An Analysis
”How It Feels to Be Colored Me” by Zora Neale Hurston does exemplifies what Dubois terms the “double consciousness” which is the experience of being “an American, a Negro; two souls, two thoughts, two unreconciled strivings; two warring ideals in one dark body.” (45). However, she exemplifies Dubois’ words only to a limited extent: Hurston’s experiences of being an African American in white, racist society are much more complex than Dubois’s basic and simple dichotomy.
Until she was thirteen, Hurston does not exist at all in anything resembling a state of “double consciousness” at all. By contrast, since she grows up in an all-African American rural town and only rarely has any contact with passing white people, she could be said to live, changing Dubois’ words, in a state of innocent pre-consciousness. As she makes clear, she only “became” African American, as she points it when sent to school in Jackson at the age of thirteen. (1008). Prior to that, she had existed in a state of ignorance and innocence about the color of her skin – wholly unaware and ignorant of the wider society, white and largely racist, that she lived surrounded by. She sings and dances to entertain the white tourists who travel through her home town; they throw her coins and in this we might be tempted to see an echo of what DuBois writes about white people patronizing black people with “amused contempt and pity.” (45).
It is true that there are some occasions when she feels the veracity of Dubois’ phrase the “double consciousness”: she writes, for example, “I feel most colored when set against a sharp white background,” (1009) and she describes of being in a New York jazz club with a white male acquaintance. The scene she describes is hilarious because it contrasts her reactions with those of her white friend and their reactions are so very different. Hurston’s whole body responds rhythmically and physically to the beat of the jazz band until she writes, “I am in the jungle and living in the jungle way….My pulse is throbbing like a war drum.” (1010.). By contrast, her white companion’s reaction to the lively jazz music is completely different. Her white friend comments, in a comic and inappropriate anti-climax, “Good music they have here.” (1010). Hurston writes, “He is so pale with his whiteness then and I am so colored.” (1010).

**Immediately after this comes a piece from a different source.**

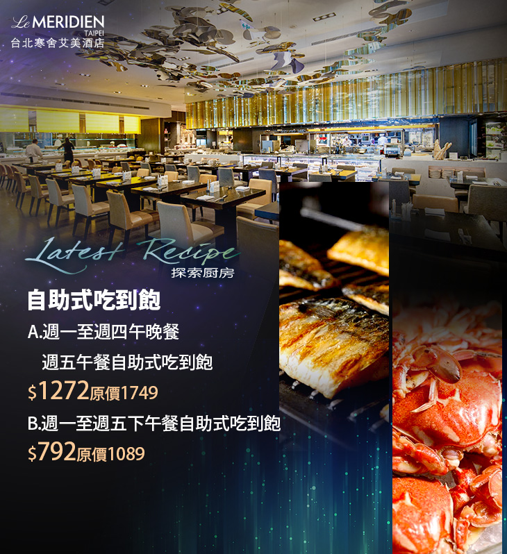 採用開放式自助餐檯與單點兼具的新潮用餐方式,菜樣豐富,從前菜的沙拉,到主食的爐烤比薩、現煎牛排,以及餐後甜點等,都是主廚團隊富滿巧思的創意美味。同時,為了控管食物品質,更隨時更替菜色,僅選用當季最新鮮、肥美的食材料理,看那專業的廚師團隊在您眼前俐落地烹調著每一道餐,令人驚豔的手藝,看得著迷不已!探索廚房,讓品嚐美食成為一種華麗的感官饗宴,開啟自助餐的全新視野!

However, generally speaking, Hurston’s attitude is much more optimistic and positive than Dubois’ talk of “two warring ideals” and the conflict those words imply. Hurston writes, “at certain times I have no race,” (1010) and she also states, “I belong to no race and no time. I am the eternal feminine with its string of beads.” (1010). In contrast to Dubois, Hurston seems genuinely more confident and content with her identity as an African American, and states, in complete and utter contradiction of DuBois, “I have no separate feeling about being an American citizen and colored…. My country right or wrong. (1010). Furthermore, she dismisses the historical legacy of slavery, which she proclaims is, “sixty years in the past.” (1009).

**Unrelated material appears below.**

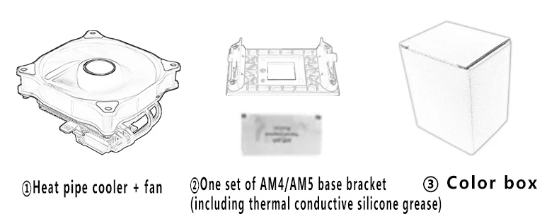 Embalagem: Caixa colorida (cooler de CPU * 1, adaptador de suporte de base compatível com slot AM4/AM5 * 1, pasta térmica de silicone * 1)

Hurston’s confidence and sheer optimism in herself as an American individual woman is very different from Dubois’s analysis of being an African American in a predominately racist society. The publication date of Hurston’s essay and her status and reputation at the time of publication may help to explain her very different experience and perspective. In 1929 Hurston was a leading and important figure in the Harlem Renaissance – an innovative and exciting arts movement centered on Harlem and lad by a number of African Americans who produced a range of important cultural and artistic achievements – in every field of culture: literature, painting, music and sculpture. Perhaps being a leading light of this movement explains her confidence which contrasts so tellingly with Dubois.
Works Cited
DuBois , W E B. The Souls of Black Folk. 1903. Chicago: McClurg. Web.
Hurston, Zora Neale.”How It Feels to Be Colored Me’. 1928. Pages 1008 – 1011. Gates Jr., Henry Louis & McKay, Nellie Y.. (eds) The Norton Anthology of African American Literature. 1997. New York: W.W. Norton. Print.